= Activity =
Please set down only the lines below starting with the line with "Equipada com cubos" and going on through the line with "Xe tải bốc khói", verbatim and without pictures.

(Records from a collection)
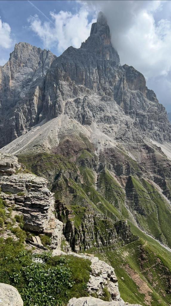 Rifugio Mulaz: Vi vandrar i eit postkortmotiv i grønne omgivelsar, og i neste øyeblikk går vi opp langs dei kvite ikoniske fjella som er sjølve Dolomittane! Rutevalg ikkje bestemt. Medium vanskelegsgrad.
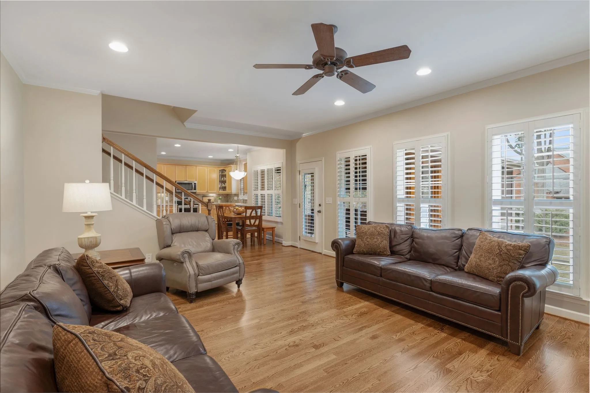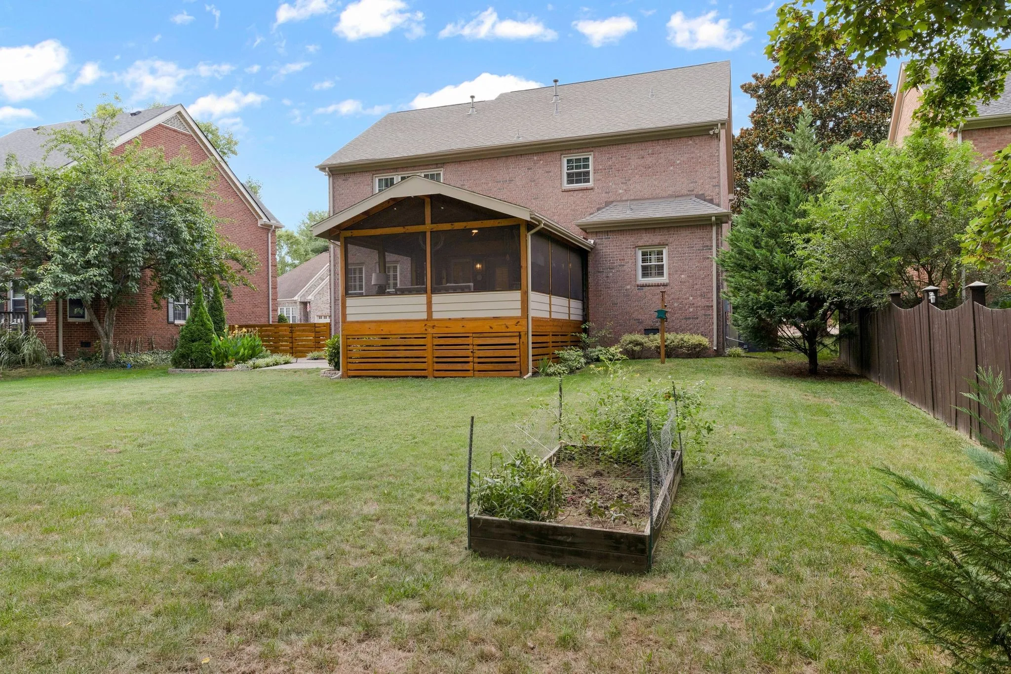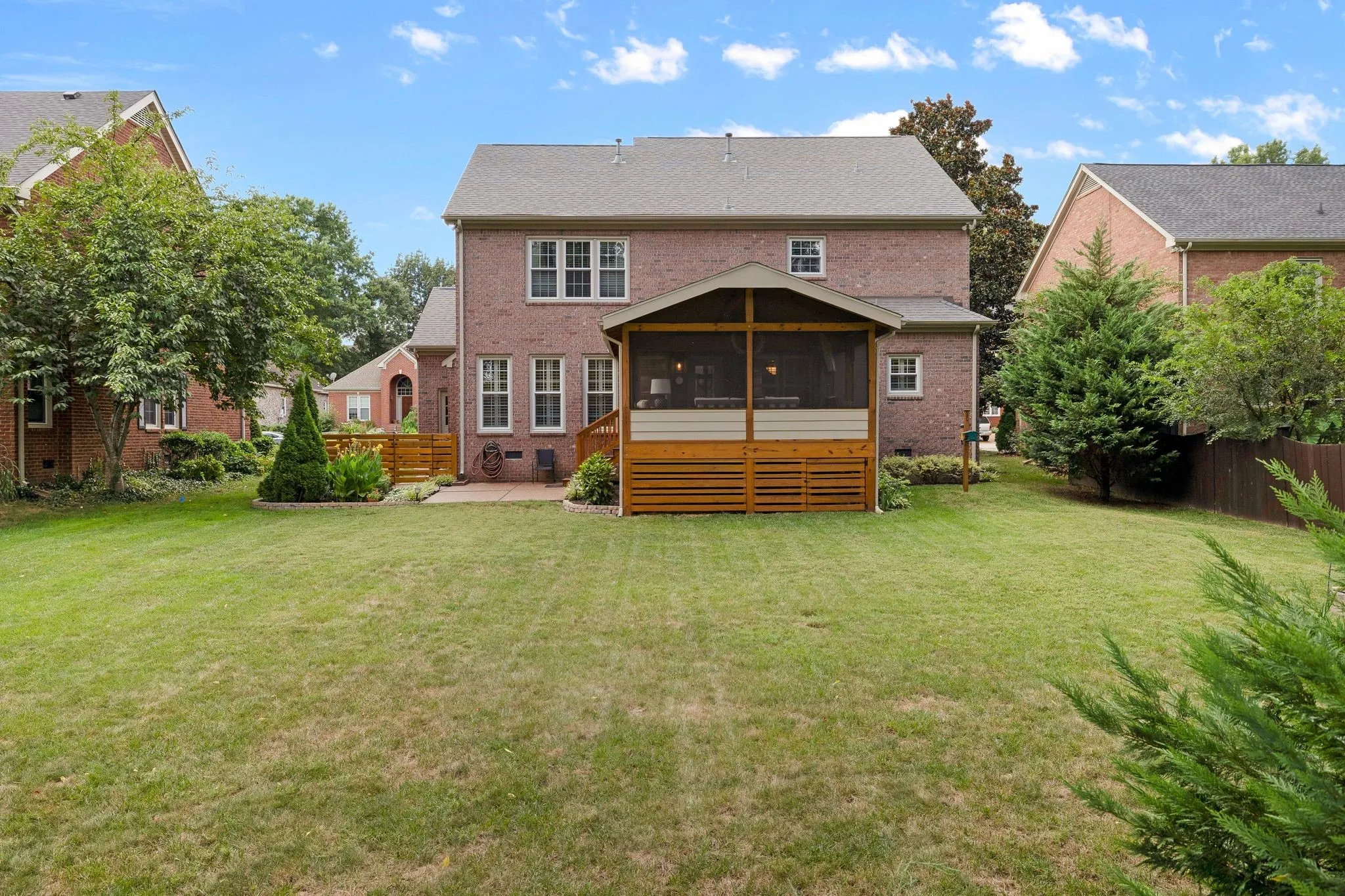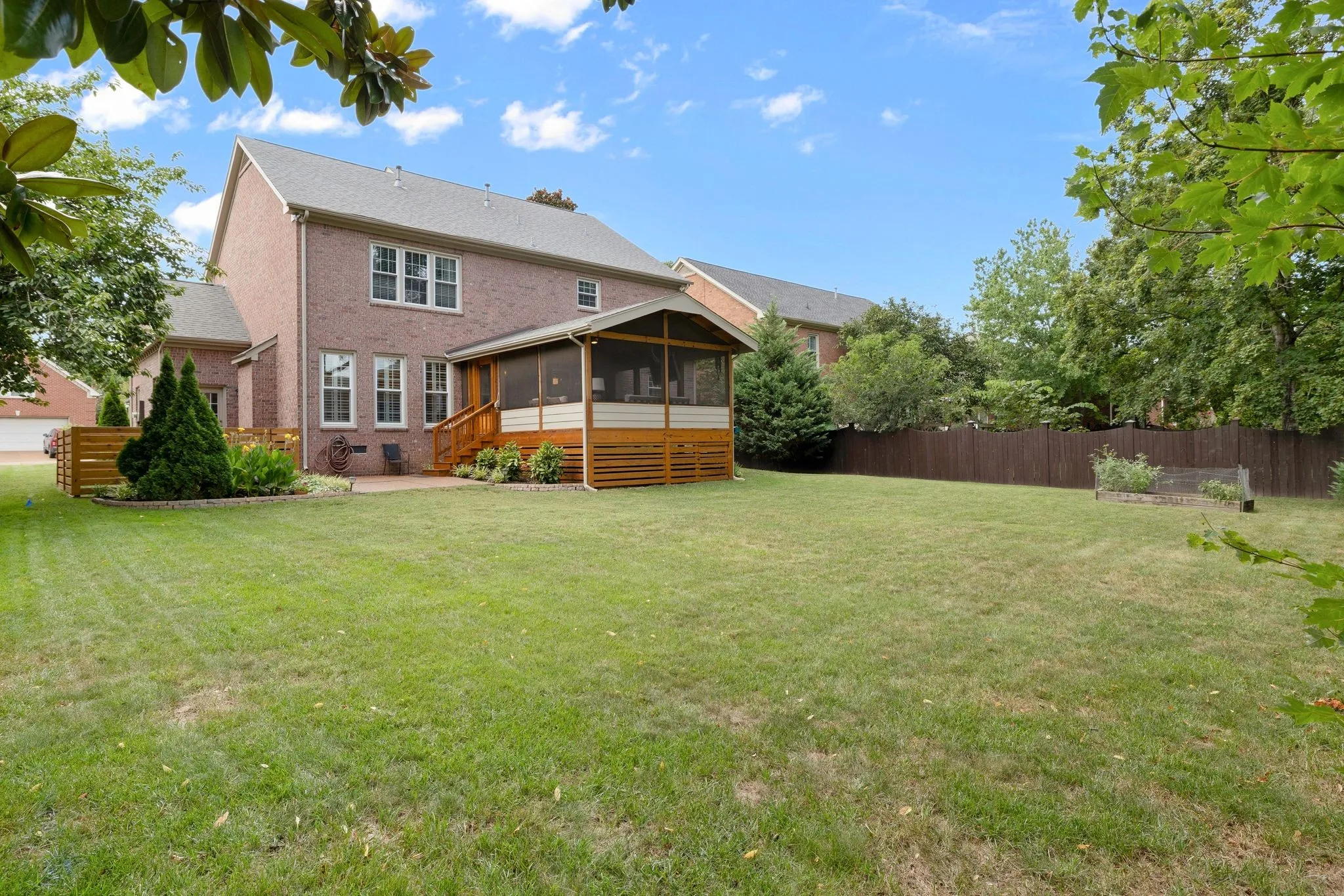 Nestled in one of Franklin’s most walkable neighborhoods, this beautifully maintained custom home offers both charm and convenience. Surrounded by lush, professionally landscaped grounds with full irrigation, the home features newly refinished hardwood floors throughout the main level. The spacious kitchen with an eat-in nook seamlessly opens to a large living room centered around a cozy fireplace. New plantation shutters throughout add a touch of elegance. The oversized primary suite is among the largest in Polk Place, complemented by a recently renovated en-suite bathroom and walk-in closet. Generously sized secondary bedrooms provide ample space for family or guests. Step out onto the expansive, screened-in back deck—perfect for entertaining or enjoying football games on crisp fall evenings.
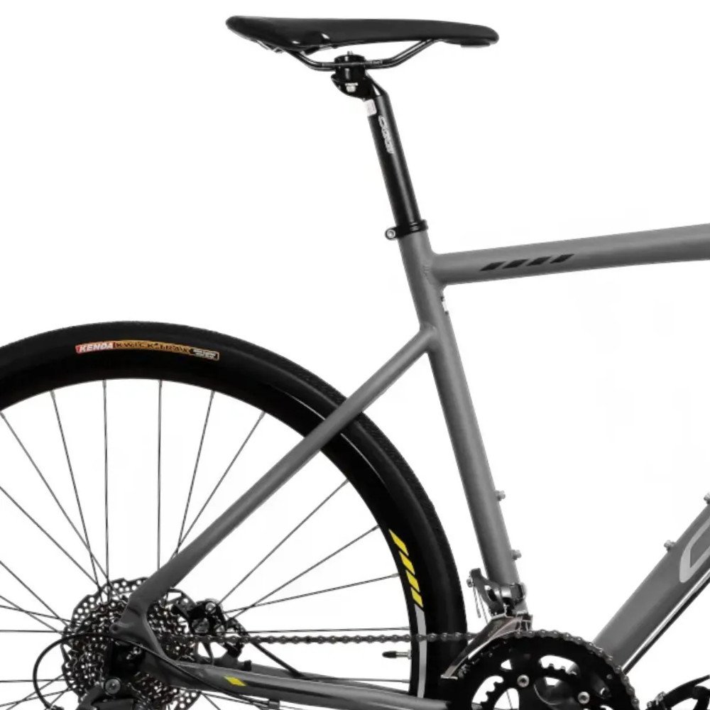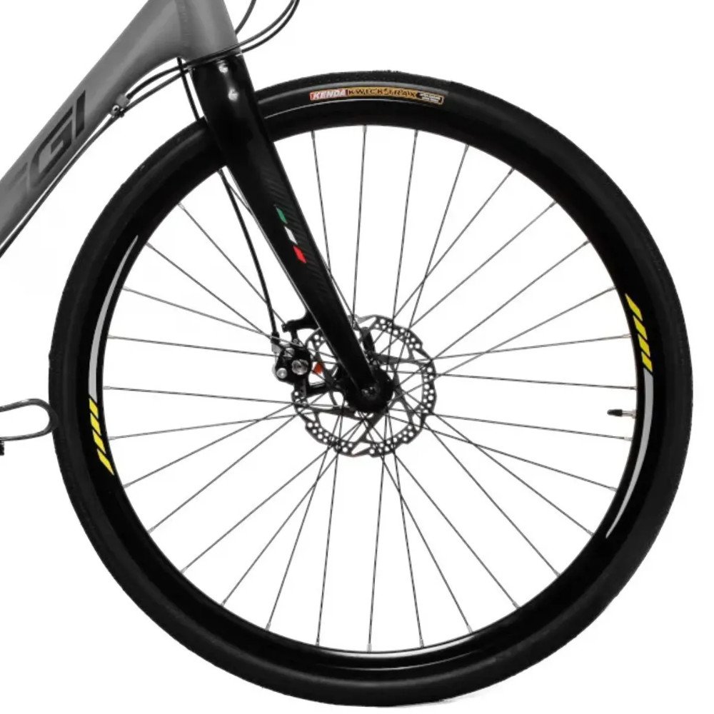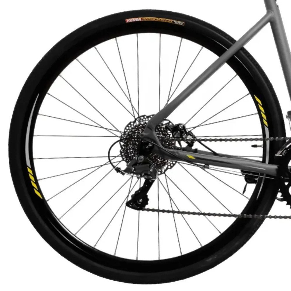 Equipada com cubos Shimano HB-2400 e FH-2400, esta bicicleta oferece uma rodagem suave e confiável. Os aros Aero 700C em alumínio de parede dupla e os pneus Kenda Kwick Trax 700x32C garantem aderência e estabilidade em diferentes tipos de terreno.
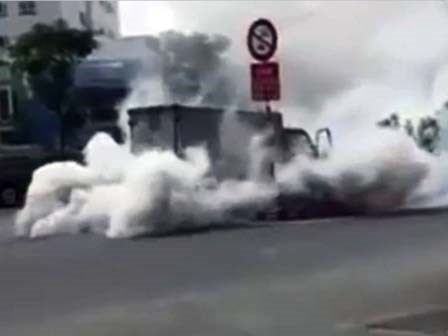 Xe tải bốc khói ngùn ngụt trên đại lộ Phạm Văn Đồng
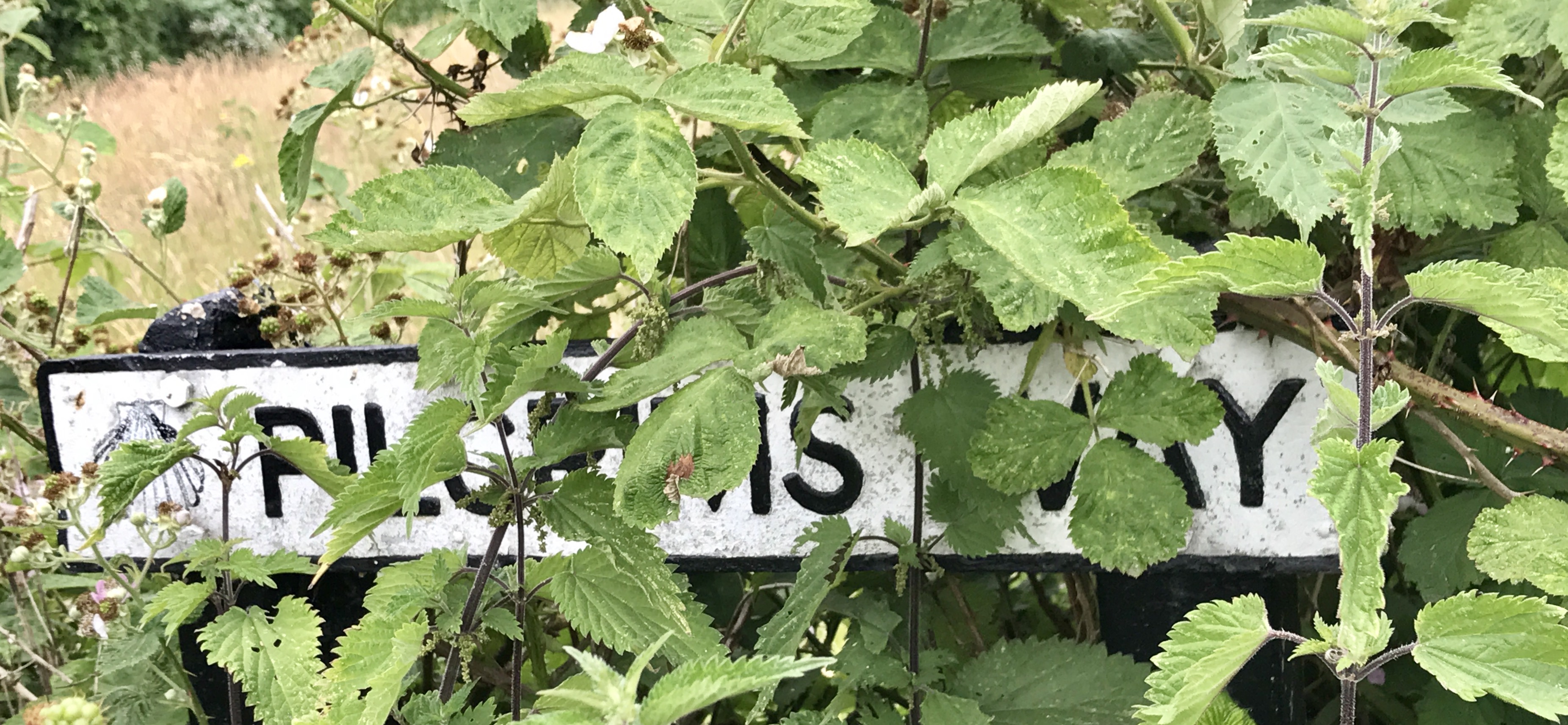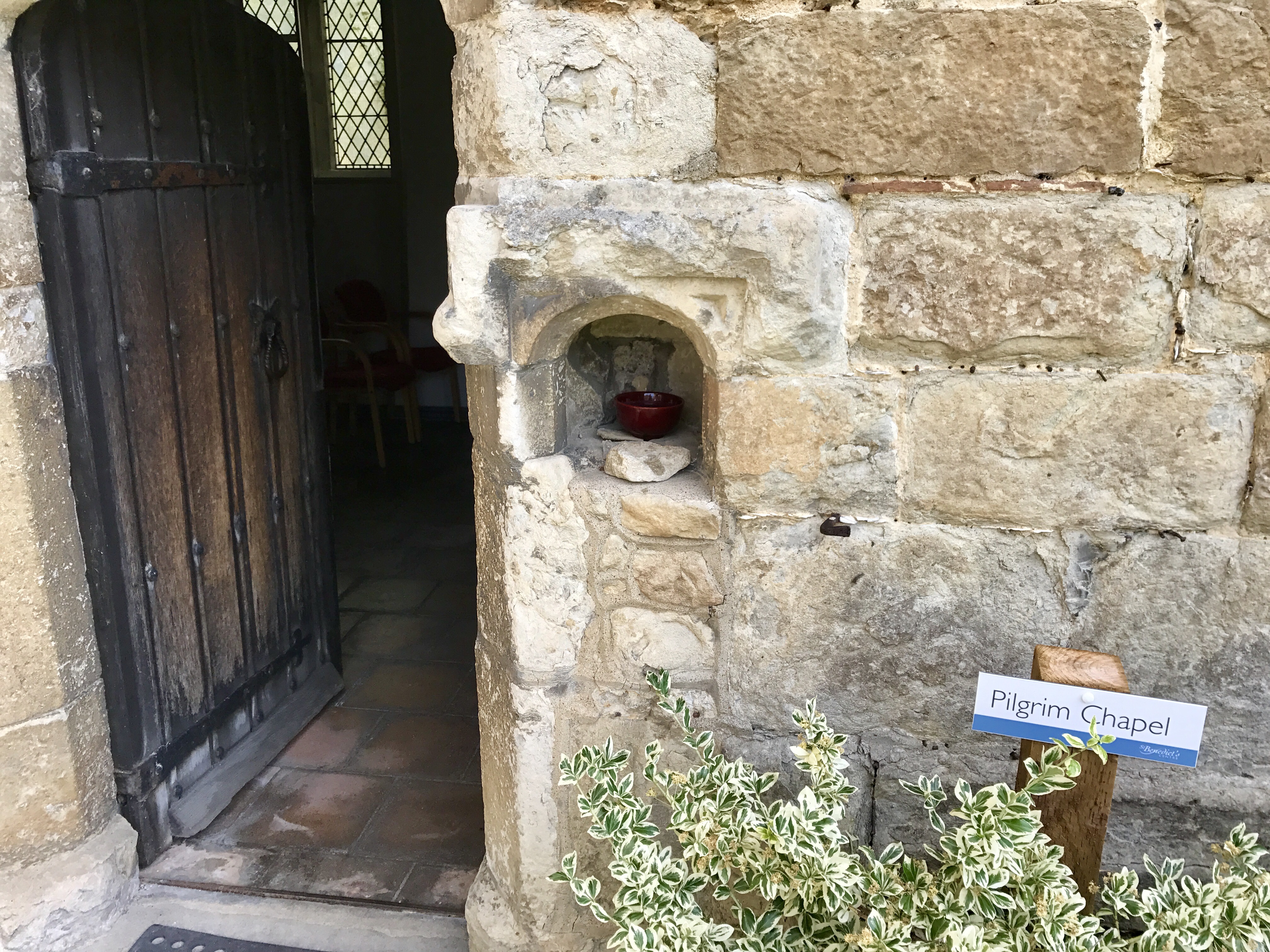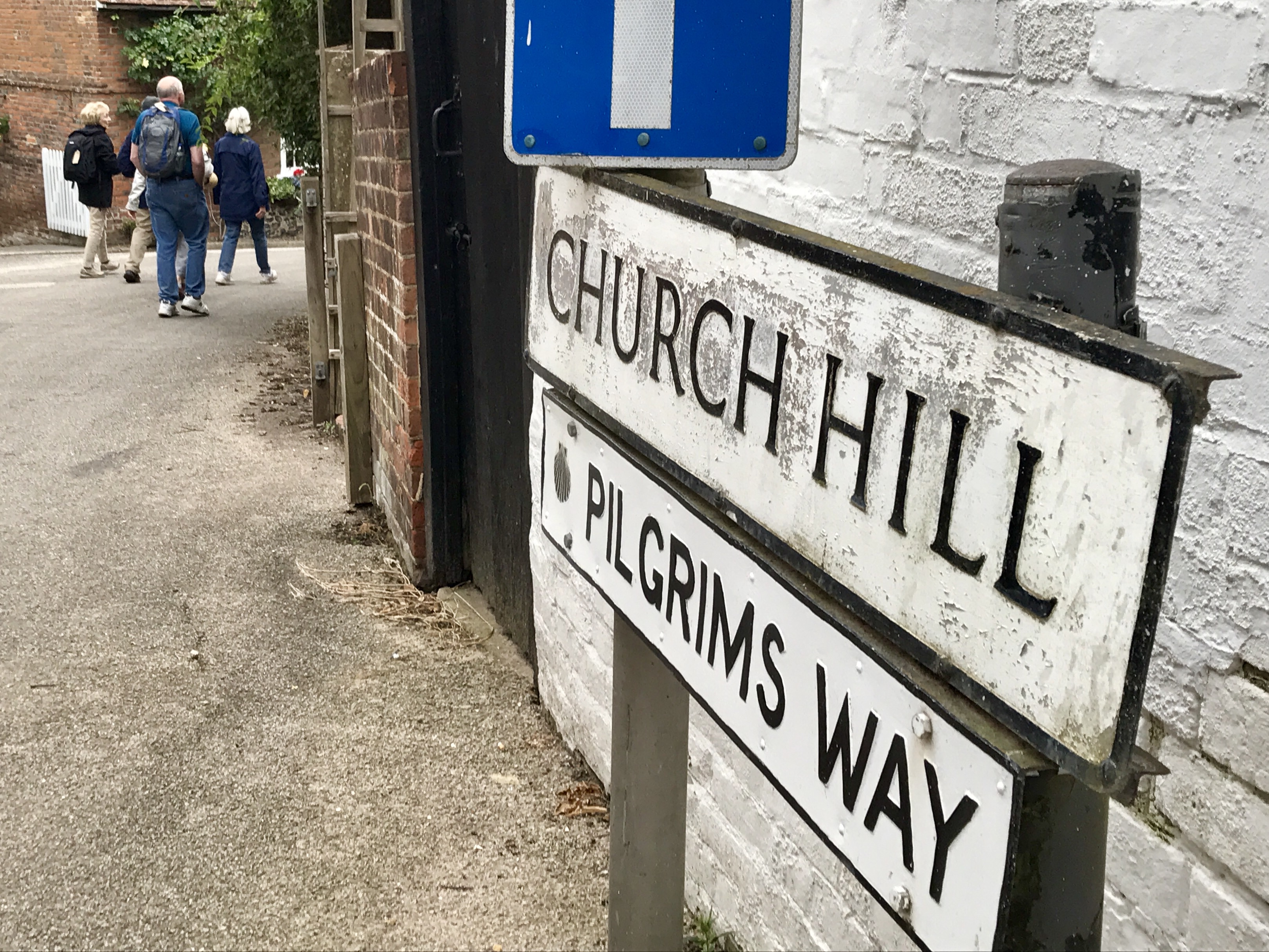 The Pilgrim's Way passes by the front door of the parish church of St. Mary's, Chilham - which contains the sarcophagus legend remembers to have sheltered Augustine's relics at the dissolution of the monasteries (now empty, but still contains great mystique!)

= Task response =
 Equipada com cubos Shimano HB-2400 e FH-2400, esta bicicleta oferece uma rodagem suave e confiável. Os aros Aero 700C em alumínio de parede dupla e os pneus Kenda Kwick Trax 700x32C garantem aderência e estabilidade em diferentes tipos de terreno.
 Xe tải bốc khói ngùn ngụt trên đại lộ Phạm Văn Đồng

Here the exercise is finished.